▶ **Task to carry out**: In the entries that follow, the first line to write out is the one containing "グループに分かれ,チームで協", and the last is the one containing "8 февраля 2020". Reproduce that stretch exactly, with nothing before or after it.
··· Exercise material
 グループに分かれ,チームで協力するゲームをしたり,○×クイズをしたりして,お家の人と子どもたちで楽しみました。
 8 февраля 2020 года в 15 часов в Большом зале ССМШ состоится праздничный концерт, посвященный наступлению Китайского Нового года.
······
··· Exercise material
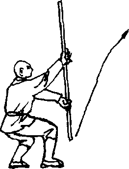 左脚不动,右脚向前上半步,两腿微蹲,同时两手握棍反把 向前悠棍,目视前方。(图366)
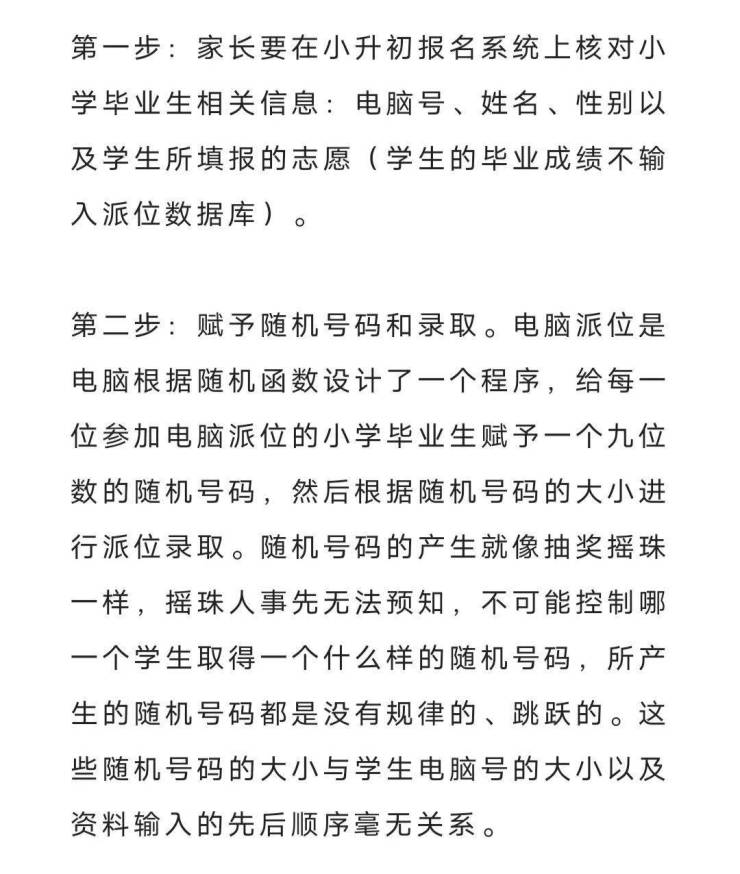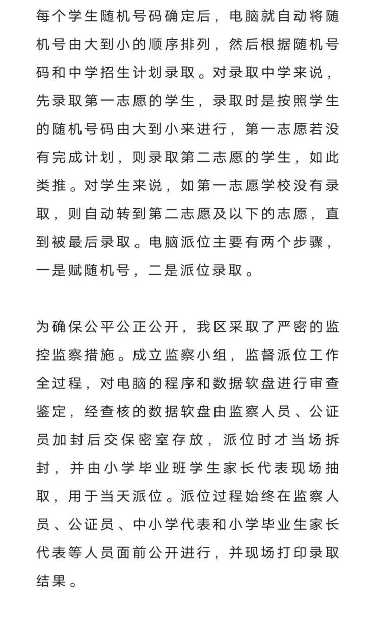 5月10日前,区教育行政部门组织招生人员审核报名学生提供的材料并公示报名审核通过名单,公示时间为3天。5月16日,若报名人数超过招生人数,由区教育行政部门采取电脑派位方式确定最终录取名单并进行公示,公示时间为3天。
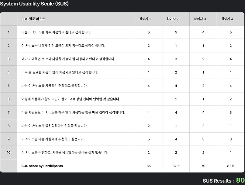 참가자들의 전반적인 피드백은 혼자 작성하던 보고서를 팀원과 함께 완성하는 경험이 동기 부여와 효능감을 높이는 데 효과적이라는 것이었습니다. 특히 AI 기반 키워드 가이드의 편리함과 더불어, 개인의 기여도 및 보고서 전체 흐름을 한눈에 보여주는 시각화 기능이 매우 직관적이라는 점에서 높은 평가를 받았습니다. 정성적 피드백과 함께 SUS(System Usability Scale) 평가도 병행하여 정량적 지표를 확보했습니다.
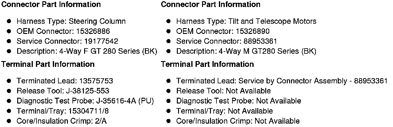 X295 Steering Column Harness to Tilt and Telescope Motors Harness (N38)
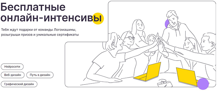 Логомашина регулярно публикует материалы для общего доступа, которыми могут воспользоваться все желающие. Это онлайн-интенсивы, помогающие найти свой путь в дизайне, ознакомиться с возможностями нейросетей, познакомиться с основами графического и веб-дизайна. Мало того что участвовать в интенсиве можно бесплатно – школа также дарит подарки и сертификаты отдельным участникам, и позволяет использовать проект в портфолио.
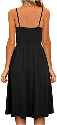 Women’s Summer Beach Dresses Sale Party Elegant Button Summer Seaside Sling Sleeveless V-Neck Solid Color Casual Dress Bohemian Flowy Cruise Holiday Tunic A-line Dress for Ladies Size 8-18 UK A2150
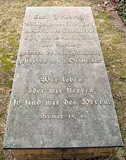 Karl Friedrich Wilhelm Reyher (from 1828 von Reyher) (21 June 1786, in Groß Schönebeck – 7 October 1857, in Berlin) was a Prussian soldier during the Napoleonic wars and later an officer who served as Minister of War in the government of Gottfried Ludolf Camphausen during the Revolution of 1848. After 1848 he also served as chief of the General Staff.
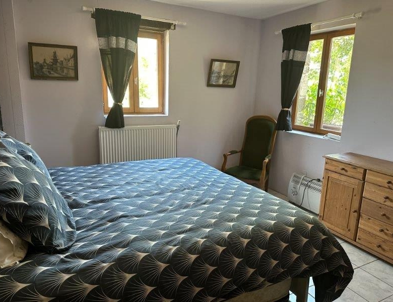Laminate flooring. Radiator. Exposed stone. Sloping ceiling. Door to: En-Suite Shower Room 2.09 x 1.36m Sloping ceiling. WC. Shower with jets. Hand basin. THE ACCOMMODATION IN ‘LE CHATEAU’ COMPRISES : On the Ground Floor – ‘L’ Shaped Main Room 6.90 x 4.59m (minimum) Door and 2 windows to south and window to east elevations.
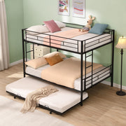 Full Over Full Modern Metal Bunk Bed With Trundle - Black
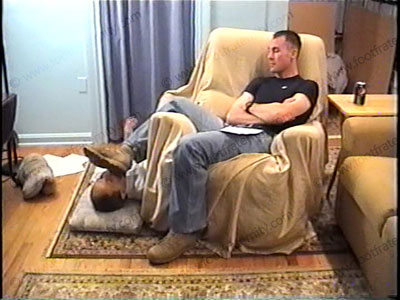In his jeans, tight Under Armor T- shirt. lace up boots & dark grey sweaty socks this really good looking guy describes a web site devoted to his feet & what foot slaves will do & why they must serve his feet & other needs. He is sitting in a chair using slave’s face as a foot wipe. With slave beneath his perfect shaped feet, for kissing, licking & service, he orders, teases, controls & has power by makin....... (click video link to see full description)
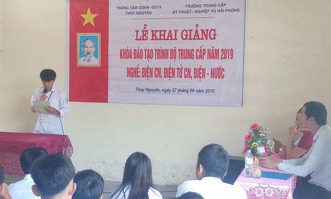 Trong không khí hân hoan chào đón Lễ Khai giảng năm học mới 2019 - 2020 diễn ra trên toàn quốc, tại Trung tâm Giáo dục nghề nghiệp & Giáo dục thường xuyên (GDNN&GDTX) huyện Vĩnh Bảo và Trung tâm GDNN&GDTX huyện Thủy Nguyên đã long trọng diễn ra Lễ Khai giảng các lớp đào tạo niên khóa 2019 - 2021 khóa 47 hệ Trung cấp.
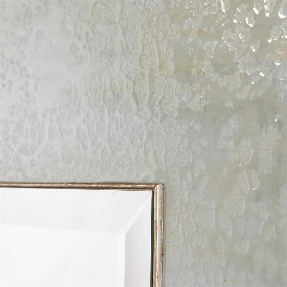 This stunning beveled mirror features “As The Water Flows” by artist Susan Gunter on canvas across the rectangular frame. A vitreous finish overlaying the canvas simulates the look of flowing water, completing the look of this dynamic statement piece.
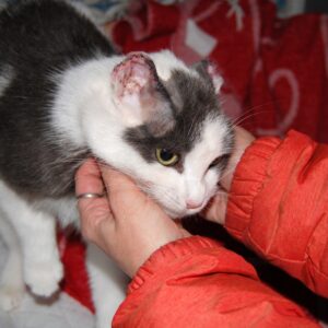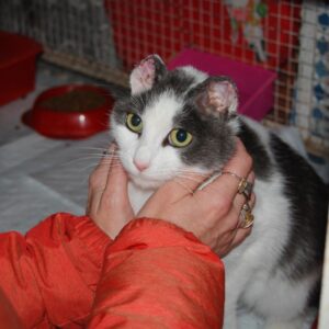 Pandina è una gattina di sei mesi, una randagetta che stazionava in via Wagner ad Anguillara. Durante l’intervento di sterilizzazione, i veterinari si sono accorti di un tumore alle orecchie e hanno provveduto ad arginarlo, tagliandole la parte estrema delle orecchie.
······
▶ **Reply to the exercise**:
 グループに分かれ,チームで協力するゲームをしたり,○×クイズをしたりして,お家の人と子どもたちで楽しみました。
 8 февраля 2020 года в 15 часов в Большом зале ССМШ состоится праздничный концерт, посвященный наступлению Китайского Нового года.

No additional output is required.